Updated on September 11, 2010


US Army ALICE Pack
US Army ALICE Pack

Packing a Rucksack Properly

How you pack a rucksack has a large impact on the amount of weight you can carry, the condition of the contents when you unpack them, and how easy it is to get at what you need quickly. This hub is focused from the perspective of a deployed infantryman, so some tips might not apply or the balance between several factors may change if you are hiking in the woods.

When I was in the Army, we frequently carried a rucksack. The importance of it could not be overstated. Everything you needed for 3-14 days was carried on your back, and depending on the mission it may weigh anywhere from 35-80 lbs. Carrying that much gear could be difficult, but the packing technique could drastically change the ease of carrying it as well as how useful and easily accessible the equipment was.
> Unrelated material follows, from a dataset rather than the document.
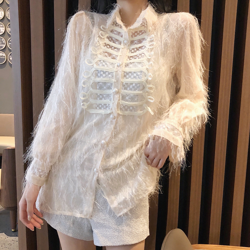 氣質修身襯衫韓版毛毛長袖百搭襯衣+網紅同款毛衣女外套開衫套裝
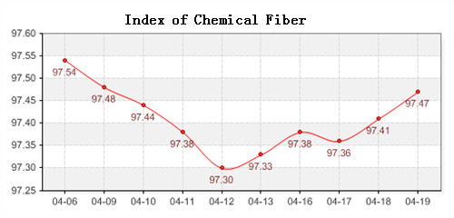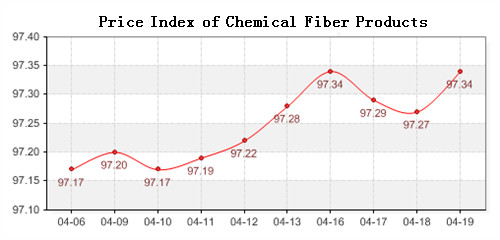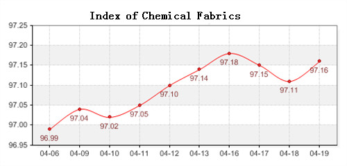 According to the monitor of Chinese Department of Commerce-Shengze Silk Chemical Fiber Index, the price index of chemical fiber products closed at 97.34 points, an increase of 0.07 points compared with previous trading day, the price index of chemical fabrics closed at 97.16 points, rose slightly 0.05 points, and the price index of chemical fiber closed at 97.47 points, up 0.06 points compared with previous trading day.

The first thing to keep in mind is that any weight you carry will cost you. If you are on a long movement, several days or weeks, you should really make sure that everything you are taking with you is necessary. If, after careful consideration, you decide that you really must have this widget, maybe there is a lighter weight version of it you could purchase, or some multitasker that will reduce weight. Once you have your packing list pared down to the minimum, you can consider placement of the items.

Your back, like anything else, is subject to leverage. This means if you have something heavy, the further it is from your back, the heavier it will feel. The first general packing rule is you should strive to put heavier things close to the top of your pack and near to your back.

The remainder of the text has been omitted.